> Work task: Would you please transcribe, exactly as written, the lines of the entries below starting at the one that holds "Flash Al-Alaf (焼夷光葬砲Furāshu" and ending at the one that holds "Преосвященнейшему Архипастырю сослужили: духовник", both included?

**** Data for this task ****

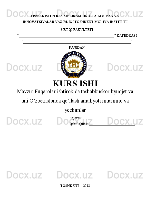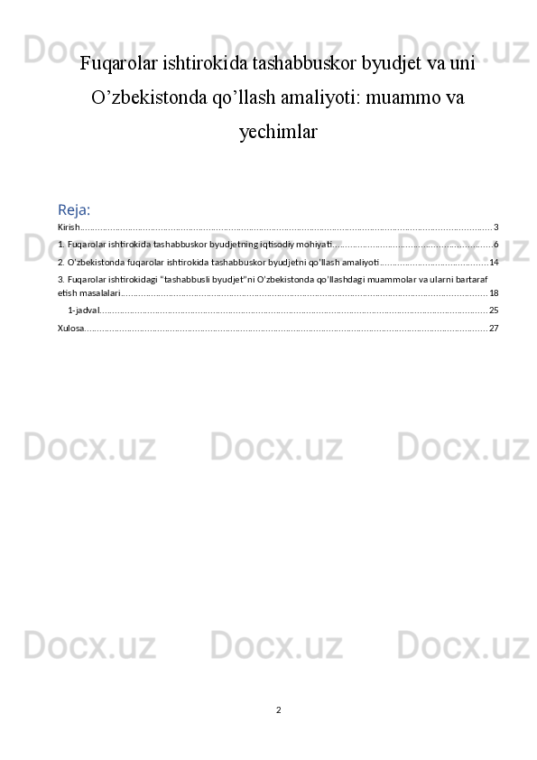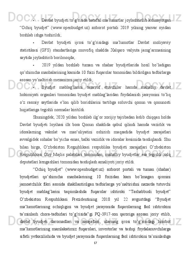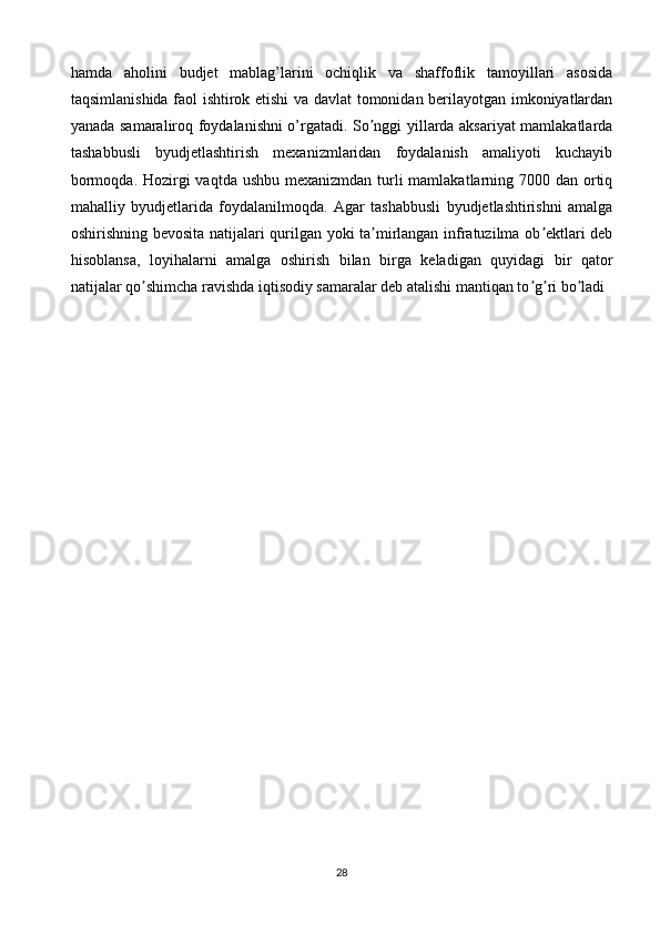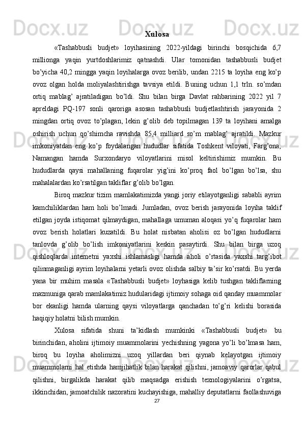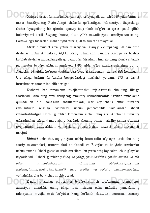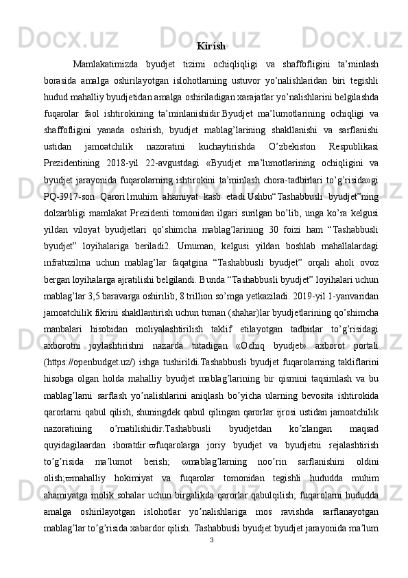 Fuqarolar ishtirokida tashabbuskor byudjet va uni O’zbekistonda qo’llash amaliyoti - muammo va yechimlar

****
**** Data for this task ****

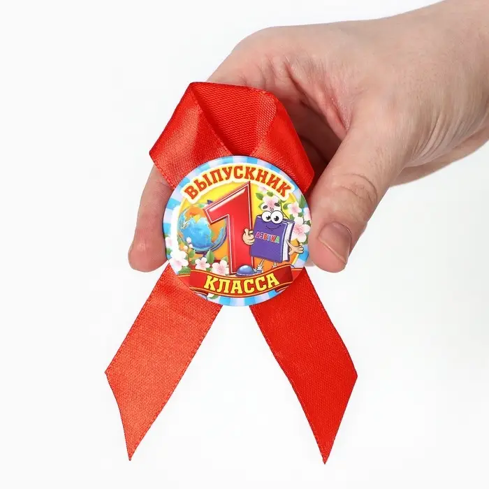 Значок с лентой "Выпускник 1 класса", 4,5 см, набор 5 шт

****
**** Data for this task ****

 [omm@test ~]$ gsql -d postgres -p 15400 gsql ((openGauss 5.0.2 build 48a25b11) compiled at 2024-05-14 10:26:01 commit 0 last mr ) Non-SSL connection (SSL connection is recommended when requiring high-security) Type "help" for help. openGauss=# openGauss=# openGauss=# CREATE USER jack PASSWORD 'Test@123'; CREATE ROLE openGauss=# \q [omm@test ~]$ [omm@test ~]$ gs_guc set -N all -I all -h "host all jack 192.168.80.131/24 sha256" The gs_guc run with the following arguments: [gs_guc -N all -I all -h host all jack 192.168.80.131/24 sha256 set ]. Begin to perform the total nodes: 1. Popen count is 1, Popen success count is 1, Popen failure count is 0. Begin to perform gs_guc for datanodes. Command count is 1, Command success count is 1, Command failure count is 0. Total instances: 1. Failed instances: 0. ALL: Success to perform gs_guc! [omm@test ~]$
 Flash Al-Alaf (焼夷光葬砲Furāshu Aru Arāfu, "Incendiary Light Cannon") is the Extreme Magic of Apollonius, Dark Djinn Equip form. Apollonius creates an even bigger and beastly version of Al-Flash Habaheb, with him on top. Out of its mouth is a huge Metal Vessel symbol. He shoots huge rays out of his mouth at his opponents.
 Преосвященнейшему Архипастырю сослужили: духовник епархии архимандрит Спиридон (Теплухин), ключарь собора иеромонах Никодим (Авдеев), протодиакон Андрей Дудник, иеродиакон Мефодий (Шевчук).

****

> Finished exercise:
 Flash Al-Alaf (焼夷光葬砲Furāshu Aru Arāfu, "Incendiary Light Cannon") is the Extreme Magic of Apollonius, Dark Djinn Equip form. Apollonius creates an even bigger and beastly version of Al-Flash Habaheb, with him on top. Out of its mouth is a huge Metal Vessel symbol. He shoots huge rays out of his mouth at his opponents.
 Преосвященнейшему Архипастырю сослужили: духовник епархии архимандрит Спиридон (Теплухин), ключарь собора иеромонах Никодим (Авдеев), протодиакон Андрей Дудник, иеродиакон Мефодий (Шевчук).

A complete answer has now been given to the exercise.